Extract Text by Table of Contents (TOC) Item

Introduction

In this tutorial, we will explore how to utilize GroupDocs.Parser for .NET to extract text based on Table of Contents (TOC) items from documents. GroupDocs.Parser is a powerful tool that allows efficient document parsing and extraction.

Prerequisites

Before proceeding with this tutorial, ensure you have the following prerequisites:

Visual Studio: Install Visual Studio IDE on your system.
GroupDocs.Parser for .NET: Download and install GroupDocs.Parser for .NET from here.
A Sample Document with TOC: Prepare a document (e.g., PDF, DOCX) that contains a Table of Contents.

Importing Namespaces

First, include the necessary namespaces in your C# project:

using System;
using System.Collections.Generic;
using System.IO;
using System.Text;
using GroupDocs.Parser.Data;

Step 1: Create an Instance of Parser Class

Instantiate the Parser class with the path to your sample document:

using (Parser parser = new Parser("YourSampleFileWithToc"))
{
    // Continue with next steps here...
}

Step 2: Extract Table of Contents (TOC)

Get the Table of Contents (TOC) items from the document:

IEnumerable<TocItem> tocItems = parser.GetToc();
if (tocItems == null)
{
    Console.WriteLine("Table of contents extraction isn't supported");
    return;
}

Step 3: Iterate Over TOC Items and Extract Text

Iterate through each TOC item and extract the corresponding text:

foreach (TocItem tocItem in tocItems)
{
    using (TextReader reader = tocItem.ExtractText())
    {
        Console.WriteLine("----");
        Console.WriteLine(reader.ReadToEnd());
    }
}

Conclusion

This tutorial has demonstrated how to extract text from a document based on Table of Contents (TOC) items using GroupDocs.Parser for .NET. By following the outlined steps, you can efficiently parse and extract specific content from your documents programmatically.

FAQ’s

What file formats does GroupDocs.Parser support?

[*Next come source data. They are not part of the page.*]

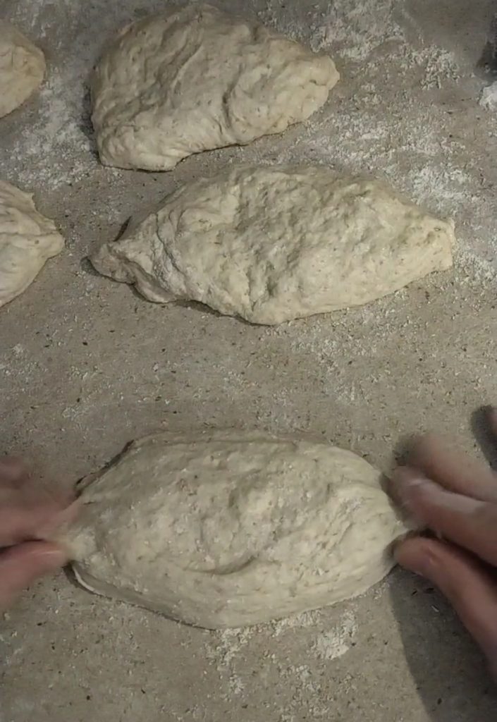 Por volta das 9h, dividi em 6 bolinhas que deixei fermentar por mais 3 horas em uma superfície enfarinhada cobertas com filme plástico e um pano de prato. As bolinhas tinham cerca de 170-180 gramas cada uma.
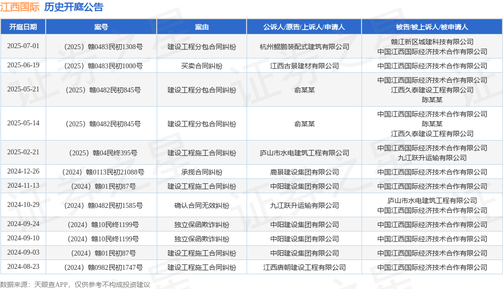 案号:(2025)赣0483民初1308号审理法院:星子县人民法院案由:建设工程分包合同纠纷当事人信息: 原告/上诉人:杭州鲲鹏装配式建筑有限公司 被告/被上诉人:赣江新区城建科技有限公司、中国江西国际经济技术合作有限公司开庭日期:2025年7月1日根据统计,近一年内以中国江西国际经济技术合作有限公司为当事人的历史开庭公告有12则,其中案由为“建设工程施工合同纠纷”的公告以4则居首,其次为“建设工程分包合同纠纷”有3则,“独立保函欺诈纠纷”有2则。历史开庭公告如下:
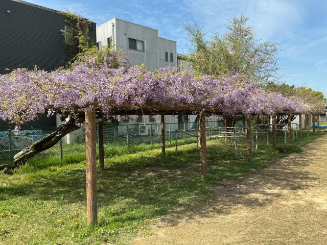 伊保小学校には藤棚があり、3本の藤の木が植っています。美しい藤の花は、本校のシンボルツリーである「せんだん」とともに本校の校歌にも歌われています。
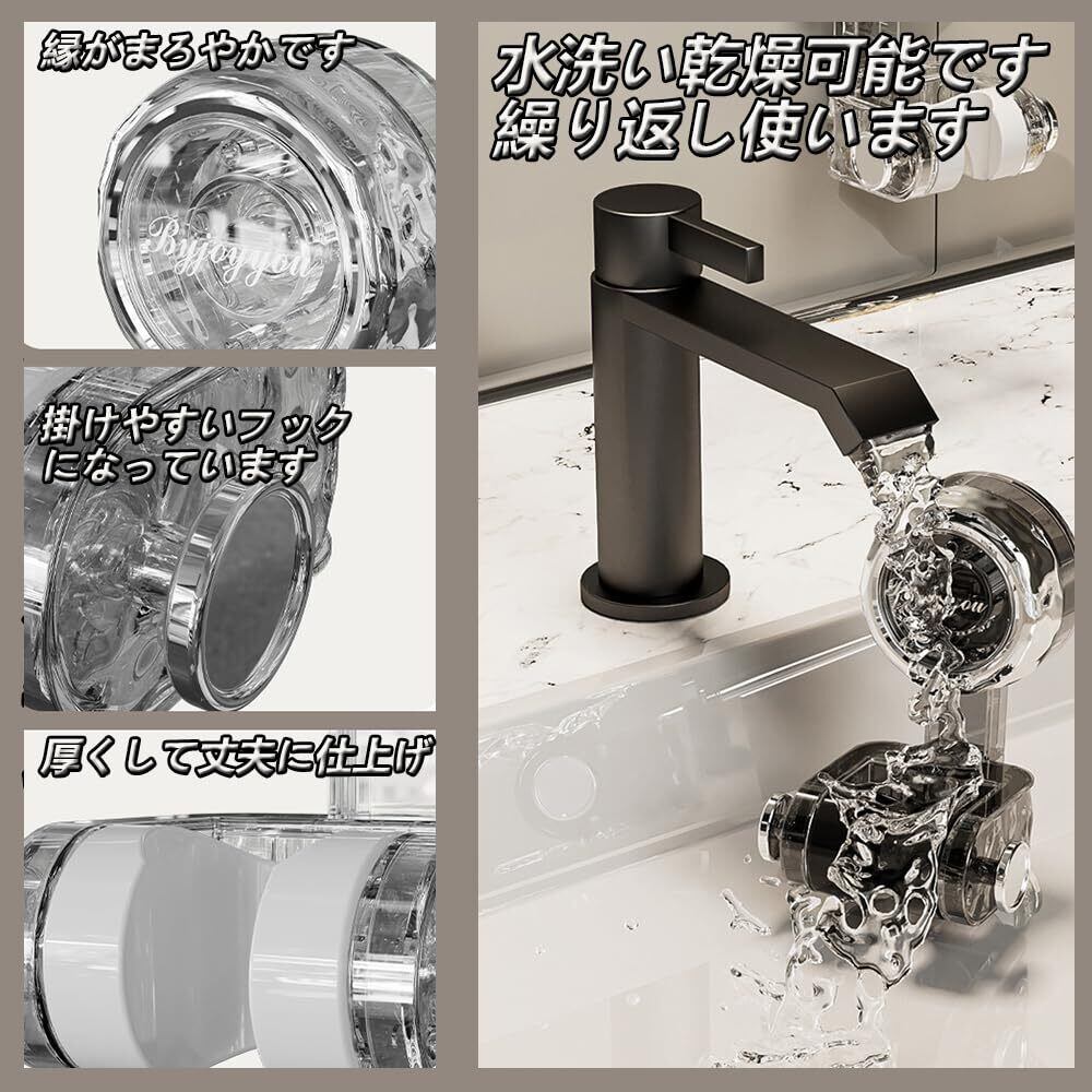 【繰り返し可能な取り付け】 吸盤フックは高さで自由に繰り返し取り付けることができ、吸盤式の設計は固定効果に影響を与えず、壁面を傷つけることはなく、位置を交換しても、清潔にしても、引っ越しても、いつでも取り外して取り付け直すことができます
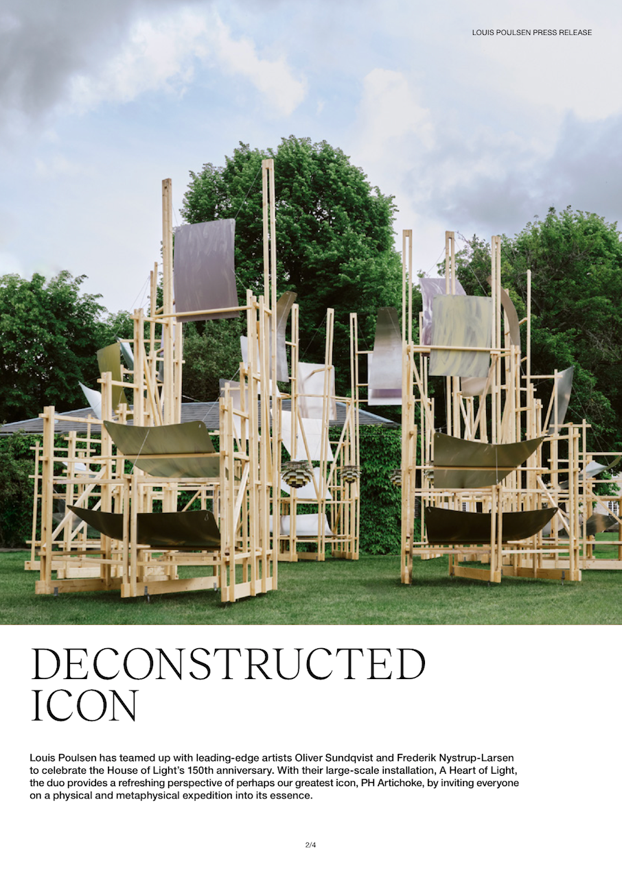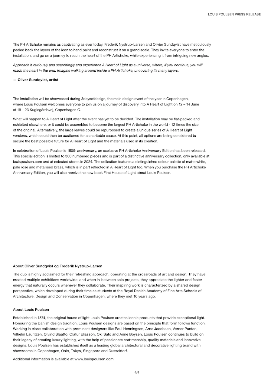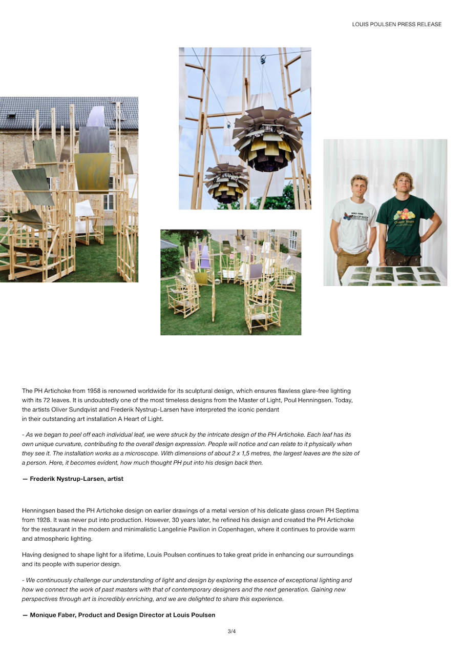 Louis Poulsen fejrede 150 års jubilæum i samarbejde med kunstnerne Oliver Sundqvist og Frederik Nystrup-Larsen under 3daysofdesign i 2024. A Heart of Light er deres fortolkning af PH Artichoke, Poul Henningsens måske største ikon.
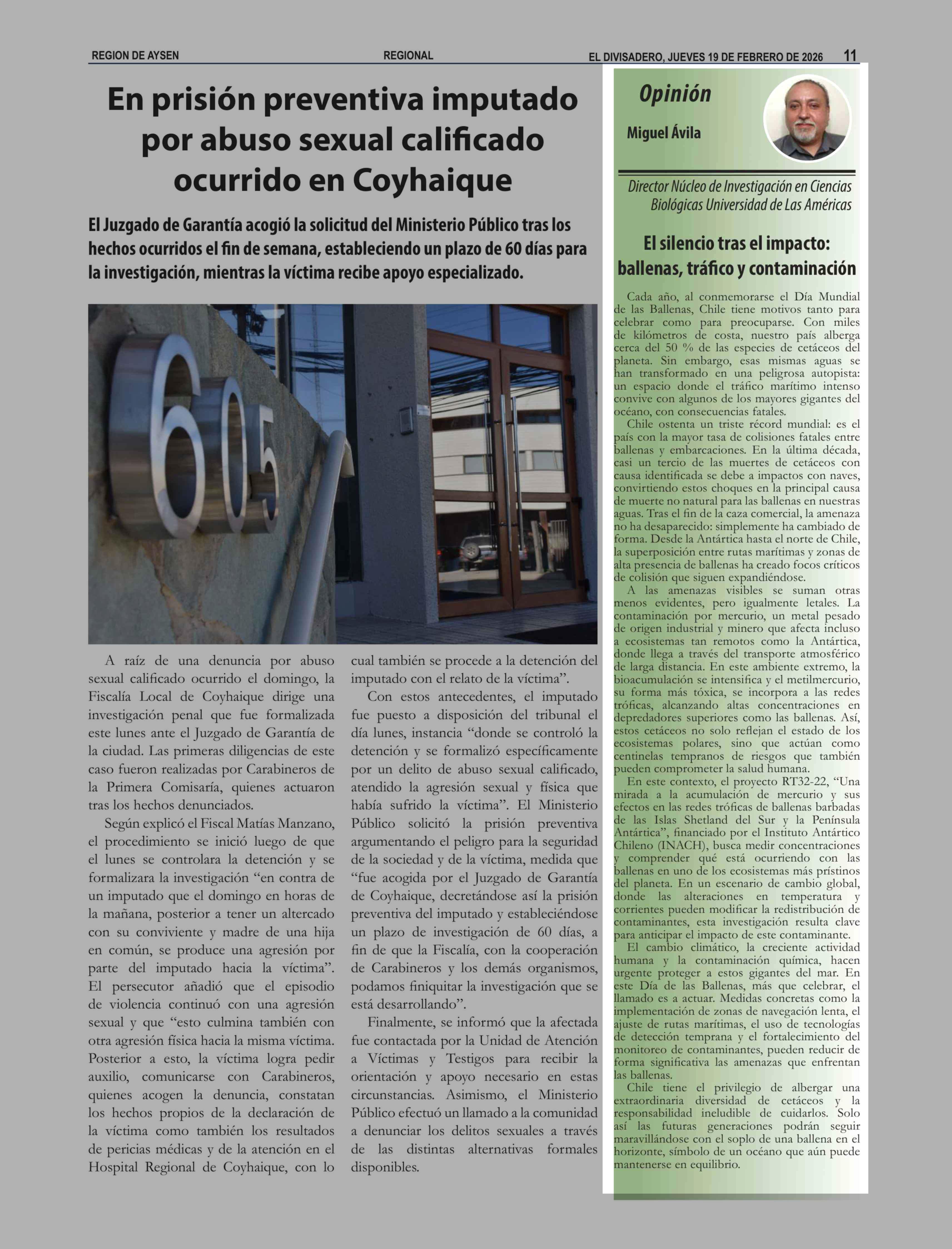 Columnas de Opinión: El silencio tras el impacto: ballenas, tráfico y contaminación 19-02-2026 El Divisadero |
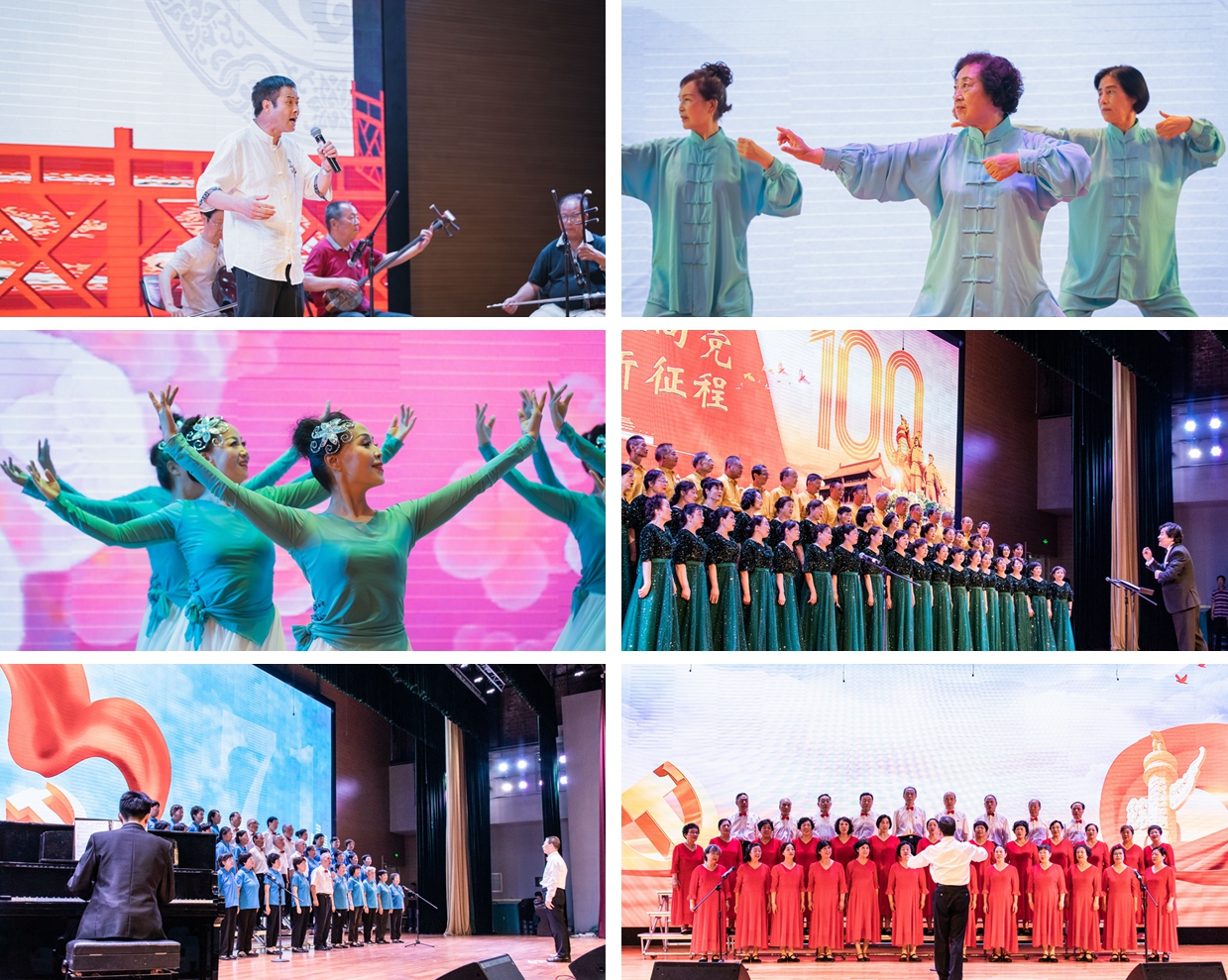 仪式结束后,与会人员共同观看了“红心永向党 启航新征程”庆祝建党100周年文艺演出。演出由beat365官网200余名离退休教职工精心筹备,通过多样化的节目向党的百年华诞献礼,抒发了老同志们对党和国家的忠诚与热爱,表达了不忘初心、再创辉煌的的坚定信念。
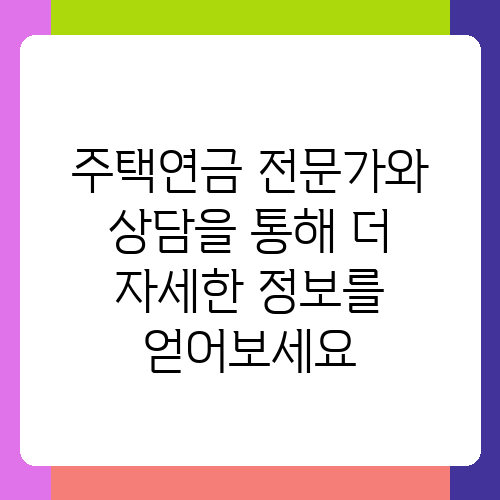 주택연금 전문가와 상담을 통해 더 자세한 정보를 얻어보세요
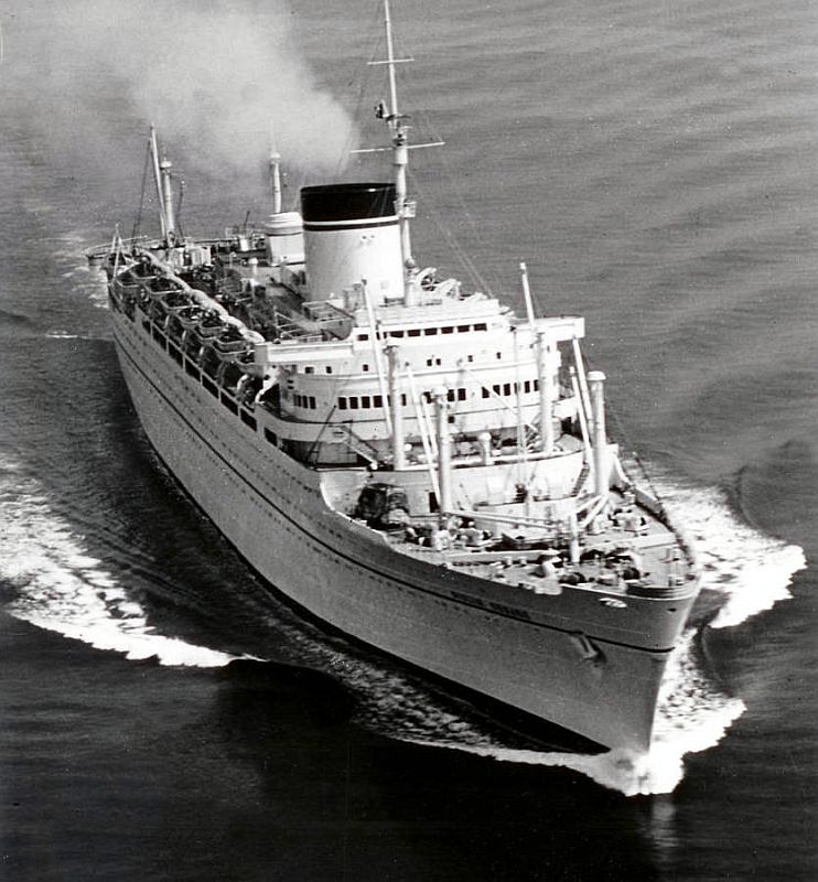 Although I originally commenced these pages almost exclusively regarding the M.S. Augustus, but also cover the Giulio Cesare, but very much in a lesser degree, as you can see I have now decided to completely rewrite and update the entire feature, which in reality came about due to the tragic sale of the M.S. Philippines, ex Augustus in September 2011, and her departure under tow bound for Alang, India, thus I felt the need to rewrite this feature as well as that of this superb ship the M.S. Giulio Cesare, for I believe that she should also have a greater role, even though she had a shorter life in comparison to her sister. Thus this page, I trust will rectify my previous short comings and I* trust that on this page you will discover that there will be a complete history as well as many fine interior photographs of this great liner. All these images are from my personal collection and I hope that you will enjoy the new feature more than ever - for there will be so much more for you to enjoy and to relive memories for all those who have had the privilege to sail on the M.S. Giulio Cesare or even just to have had the opportunity to see her in one of the many ports she visited. Enjoy!
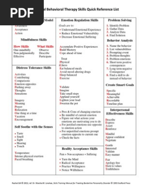 DBT Cheat Sheet Dialectical behavior therapy Coping skills Mental
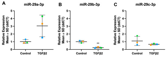 Expression levels of miR-29 family in TGFβ2-stimulated TM cells. (A) hsa-miR-29a-3p (B) hsa-miR-29b-3p (C) hsa-miR-29c-3p. Vehicle controls are denoted as “Control” on graphs and TGFβ2 treated cells as “TGFβ2”. Individual values for donors 1, 2, and 3 are shown. Data were normalised to U6 control and analysed using the ΔΔCt method. Circles represent individual donor gene without TGFβ2 treatment and squares represent donors with TGFβ2 treatment. The colour of circle or square represents the individual donor human primary TM cells. An asterisk denotes significant differential gene expression after treatment (** = p < 0.005).
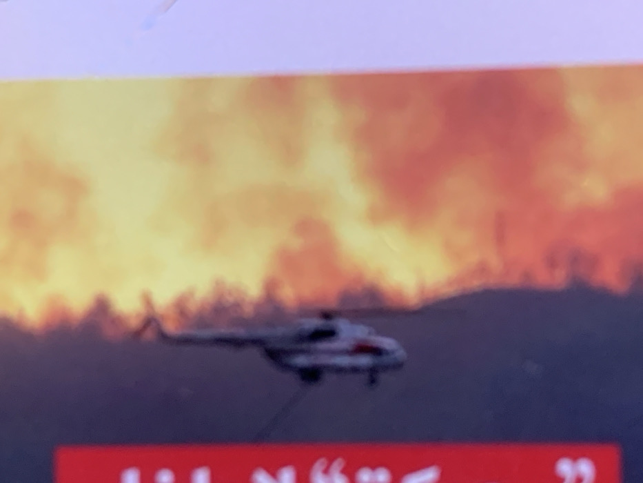 - "The image depicts an aerial view of a large fire with a helicopter in the foreground, against a backdrop attributed to Al-Muhajerin Municipality, Syria" by FM-q7EDs2, licensed under CC BY 4.0

GroupDocs.Parser supports a wide range of document formats, including PDF, Microsoft Word (DOC/DOCX), Excel (XLS/XLSX), PowerPoint (PPT/PPTX), and more.

Can I extract structured data like tables or images using GroupDocs.Parser?

Yes, GroupDocs.Parser provides APIs to extract structured data like tables, images, and metadata from various document types.

Is GroupDocs.Parser suitable for large documents?

GroupDocs.Parser is optimized for handling large documents efficiently, enabling seamless extraction of content from extensive files.

How can I get technical support for GroupDocs.Parser?

You can seek technical support and interact with the community at GroupDocs.Parser Forum.

Does GroupDocs offer a free trial for evaluation?

Yes, you can download a free trial version of GroupDocs.Parser from here.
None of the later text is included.